Van Bramer said that he will approve the application since the developers have agreed to limit the building to 10 stories and 187 units. Furthermore, he said, they have pledged to offer about 40 units at 60 percent AMI ($64,020 for a family of four) and approximately 20 units at 80 percent of the AMI.
“The proposed plan at 34th Avenue…will produce meaningful affordable housing, most of which will be at 60 percent AMI,” Van Bramer said. “The current agreement provides deeper affordability than originally proposed. Furthermore, the developer has agreed to concessions to reduce the height of the buildings to 10 stories from the initial 14. Queens Community Board 1 sought a building no greater than 10 stories and we have achieved that here.”
Van Bramer said that residents at nearby Woodside Houses, including Tenant Association President Annie Cotton-Morris, backed the plan.
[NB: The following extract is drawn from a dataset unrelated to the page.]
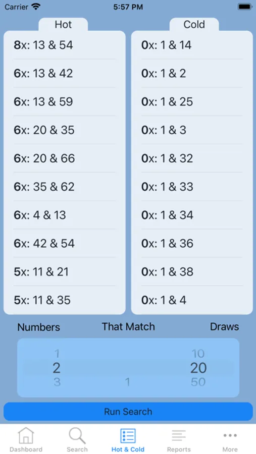 Hot & Cold - This section allows you to see what individual number are hot and cold in the past 10, 20, 50, and 100 draws. In addition, you can see what 2 & 3 numbers together are hot and or cold in the same past number of draws.

“Their feedback and approval is important to me,” Van Bramer said. He noted that there will be space dedicated to the local non profit Urban Upbound, which provides services for underserved adults and children, free of charge. Furthermore, the SEIU 32BJ supports the project.
The development will also include ground floor retail space and 77 off-street parking spaces.
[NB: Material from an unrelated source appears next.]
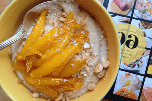 Банановая манная каша с ломтиками манго в сиропе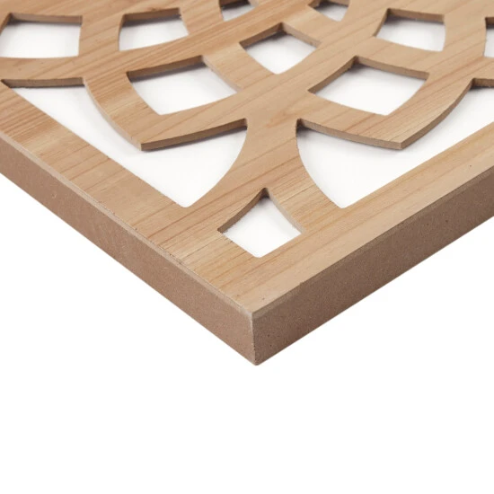- Laser cut floral medallion design in distressed natural wood color

People need to stop complaining about not being able to afford the rising rent prices. This is New York City. Living in the greatest city in the world comes with a price. If you can afford or want to pay the rising prices then it’s simple. LEAVE NYC STOP COMPLAINING ABOUT THE PROGRESSIVE CHANGE.
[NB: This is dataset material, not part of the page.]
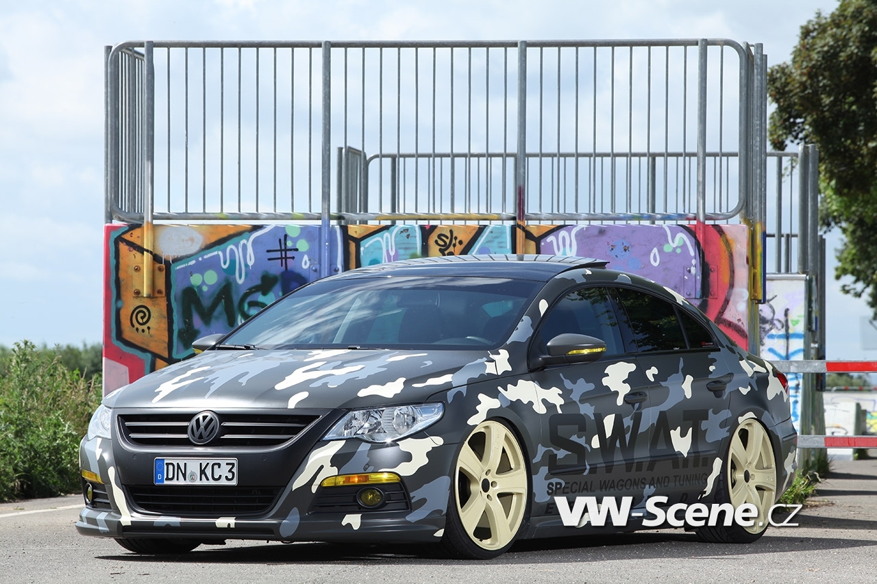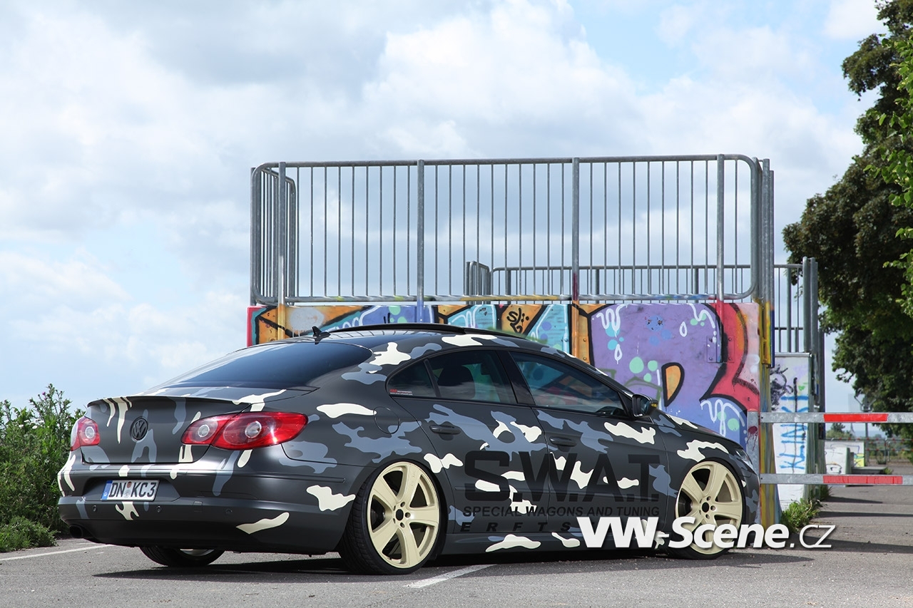 Volkswagen Passat CC byl původně neatraktivně olivově šedý. Ale během nákladného procesu maskování, dostal zbarvení, které známe spíše u armády. Na boku vozu je ještě velký nápis S.W.A.T. – Special Wagons And Tuning. Upřímně řečeno, kdo by si nechal ujít pohled na takové auto?

Anyone know what’s going to happen with all the stores there?
Allowing 125 or so luxury apartments into the neighborhood is not good for the community. This will encourage further gentrification. Building with about 70-80% of the units designated as “affordable” are still profitable to build. The city should not allow the developers to defy the zoning rules unless the vast majority of the units are affordable to large portions of the pre-existing community members.
What gentrification? People use this word so loosely. This isn’t some cute hood with a row of luxury townhouses and artisan donuts.
A building in this strip would be a blessing. There is no neighborhood now. New residents will sustain existing businesses and create new ones. This I approve!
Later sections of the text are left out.